Anonymous 0 Comments

Look at a bird. Look how small it is. Look at how much noise it makes.

Also maybe it’s the fact that some features change/disappear when you grow up and a throat of iron may be one of them.

Also i’m sorry for you dear parent, hope your kid spares some mercy for u.

Anonymous 0 Comments

Its the pitch and frequency that makes it sound like it’s louder than it is.
I remember being able to do the perfect horror movie scream, someone once, from blocks away, called the cops because they thought someone was being murdered. I didn’t think it was that loud at the time (definitely didn’t hurt, pretty effortless actually)

But now? I can’t even hit that screach anymore, and can’t get close without feeling like I’m getting over a cold

Anonymous 0 Comments

They’re completely relaxed and have no social inhibitions. We’re socialized to stfu from a young age (inside voice, shhh, etc). People who spend lots of time singing extremely loudly like opera singers have to untrain this inhibition and tension so that they can sing above 100 dB for hours at a time.

Anonymous 0 Comments

As a father of an 8 month old monster, I believe the answer is that they were sent from the depths of hell itself; the laws of science applying to us mere mortals clearly don’t apply to them.

However… It could be a pitch thing. When you shout at a gig, you force your voice to a point where it’s raucous (and probably louder than a child). It could just be that the volume, plus the high pitch makes it seem even louder than it is.

Anonymous 0 Comments

Our vocal cords stiffen as we age. Puberty and the onslaught of hormones stiffens the cartilage of the vocal box, deepening your voice.

And we get even older, the cartilage and muscles weakens, giving elderly people a more raspy voice.

Based on those facts, baby and toddlers must have much more flexible vocal box tissues, why they don’t give AF about screaming their little heads off.

Think about doing a split at 30 yrs old, compared to a split at 18 months. Babies and their vocal cords are flexible as shit.

Anonymous 0 Comments

I’ve wondered this question about fucking dogs out they can literally bark 24 seven and never shut up except to eat… or sleep for five minutes!

Anonymous 0 Comments

Here’s a different but related question: how do people do things like screamo without damaging there vocal cords?

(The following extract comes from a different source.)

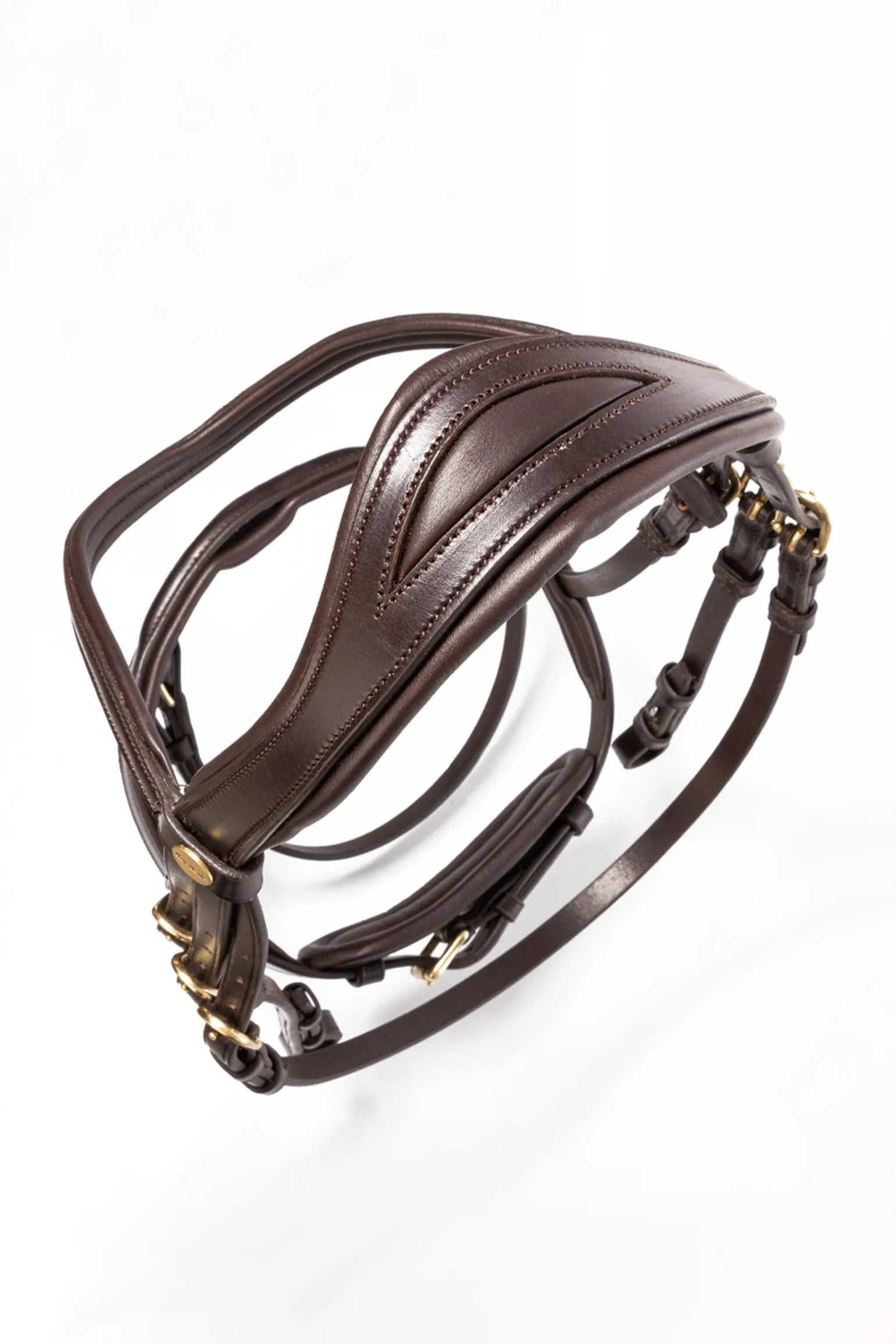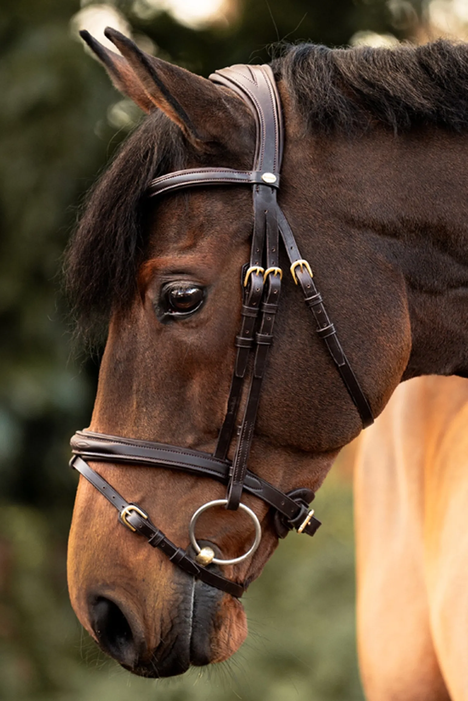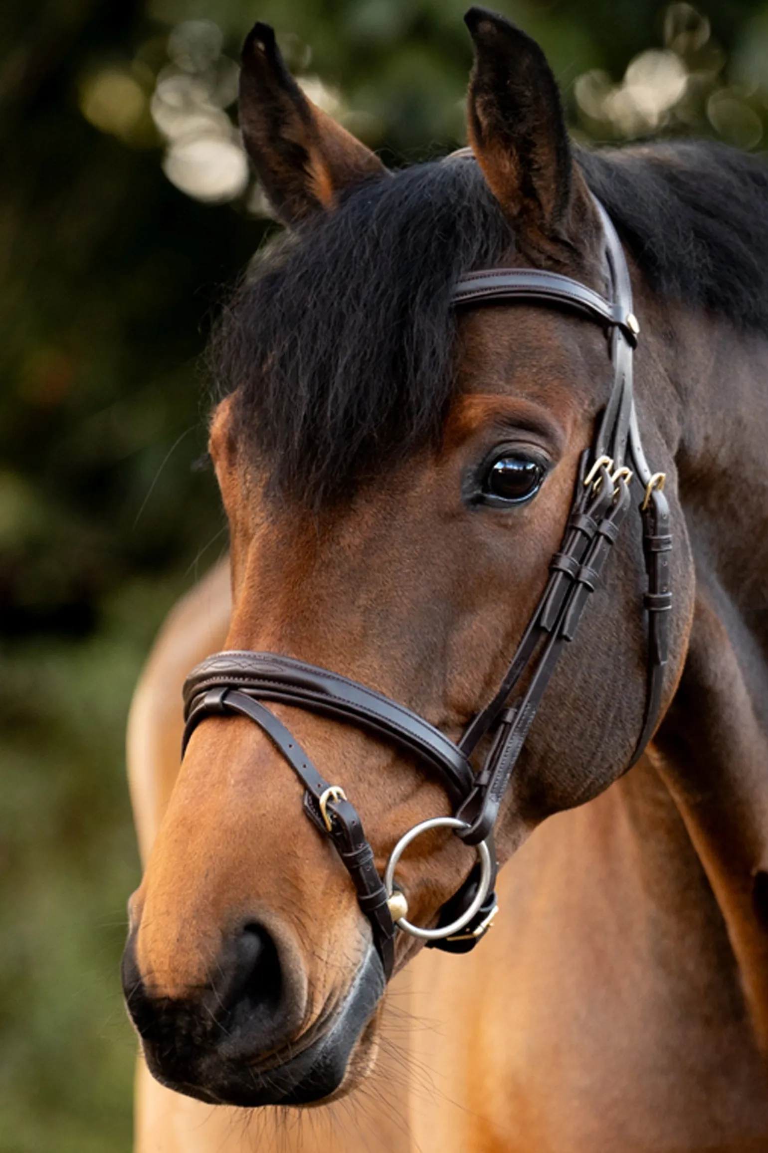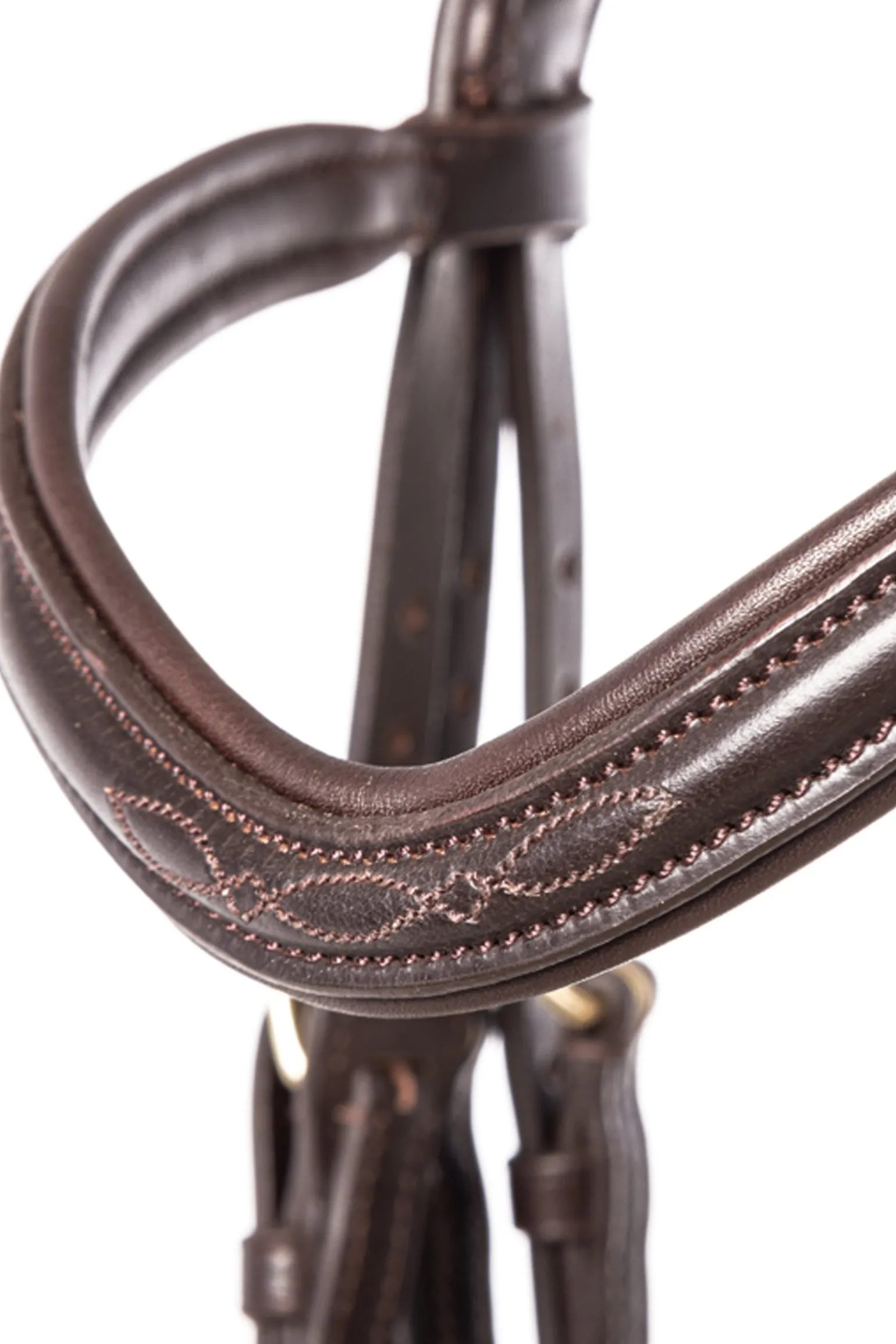 Die Dressurtrense Robin besteht aus hochwertigem deutschen Qualitätsleder sowie einem besonders weichen Genickstück, welches stark anatomisch geformt ist mit Einschnitt. Die weiche Polsterung vom Nasenriemen und Stirnband bieten ebenfalls einen besonderen Komfort für das Pferd. Das Reithalfter ist beidseitig verstellbar. Der Trensenzaum wird ohne Zügel geliefert.
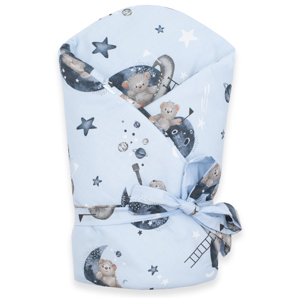 Nádherná dětská zavinovačka české značky New Baby Teddy bear in space pro miminka. Zavinovačka je vyrobena z kvalitního a jemného materiálu, který zaručí vašemu miminku příjemné teplo. Výplň je až 3 cm co znamená, že zavinovačka je vhodná i na chladnější dny a je dostatečně pevná. Krásný dětský motiv, polahodí dětským očičkám. Zapínání na suchý zip i pásek na zavázaní na mašli.

There is a way to scream safely, but as adults, we have to learn it and be trained to do it. As children, we know how to do it because it’s in biology.

I wouldn’t say social inhibition is entirely a complete answer from my knowledge. Due to the fact that you have no need to scream or cry often, you forget how to scream- this much is true. But just because social factors are gone doesn’t mean you’ll suddenly be able to scream like a baby. Your actual procedural memory would have faded because you don’t do it frequently enough. Even a genuine scream out of pure fear would probably hurt your vocal cords if you aren’t trained to scream correctly.